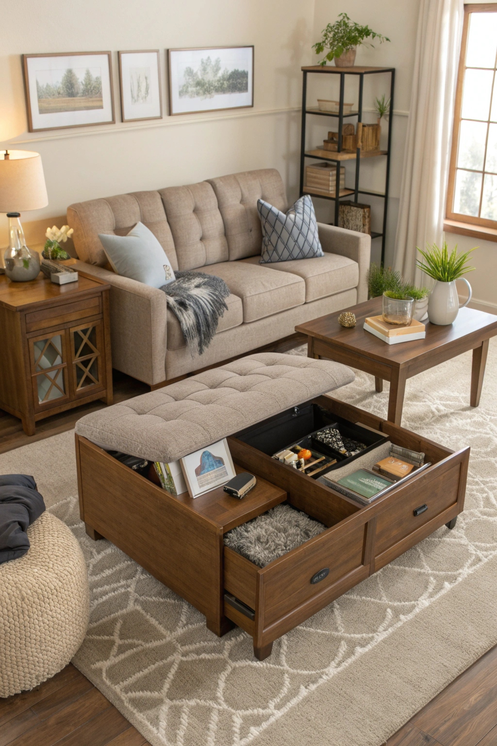 - Storage ottomans that double as footrests.
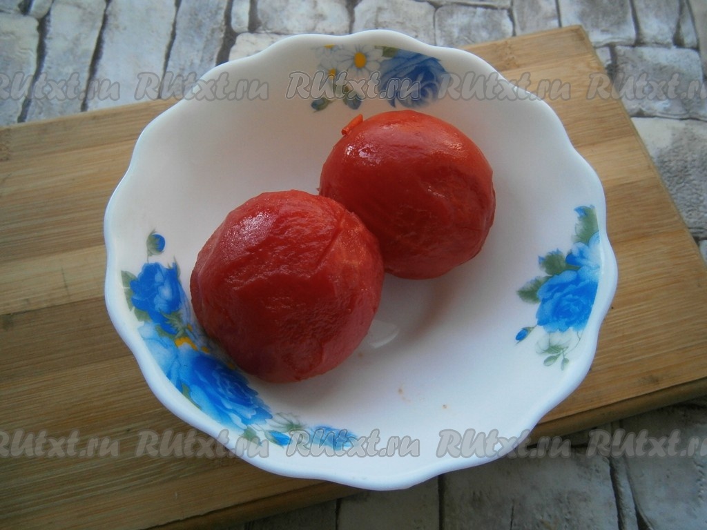 Два помидора залить кипятком на несколько минут и очистить от шкурки.
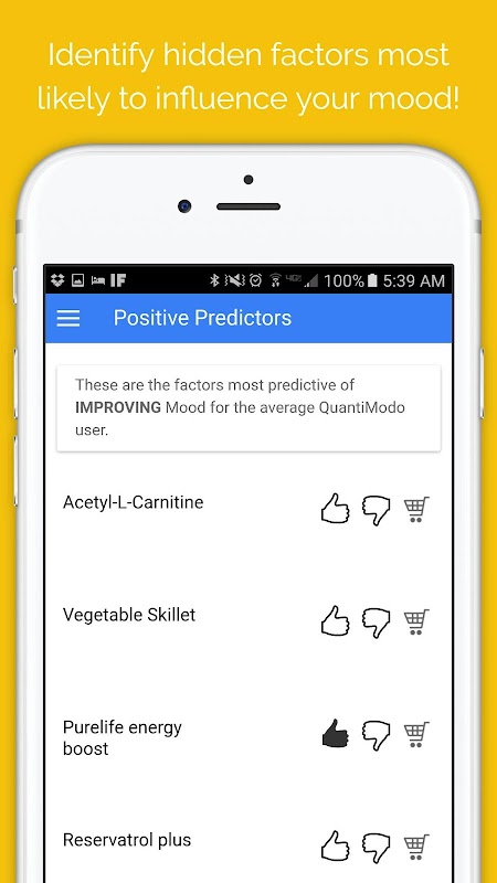 - Easily track mood, symptoms, or any outcome you want to optimize in a fraction of a second

WHAT IS BEING ASKED – Would you please give the material above again, unchanged but without pictures?

FINISHED TASK –
 - Storage ottomans that double as footrests.
 Два помидора залить кипятком на несколько минут и очистить от шкурки.
 - Easily track mood, symptoms, or any outcome you want to optimize in a fraction of a second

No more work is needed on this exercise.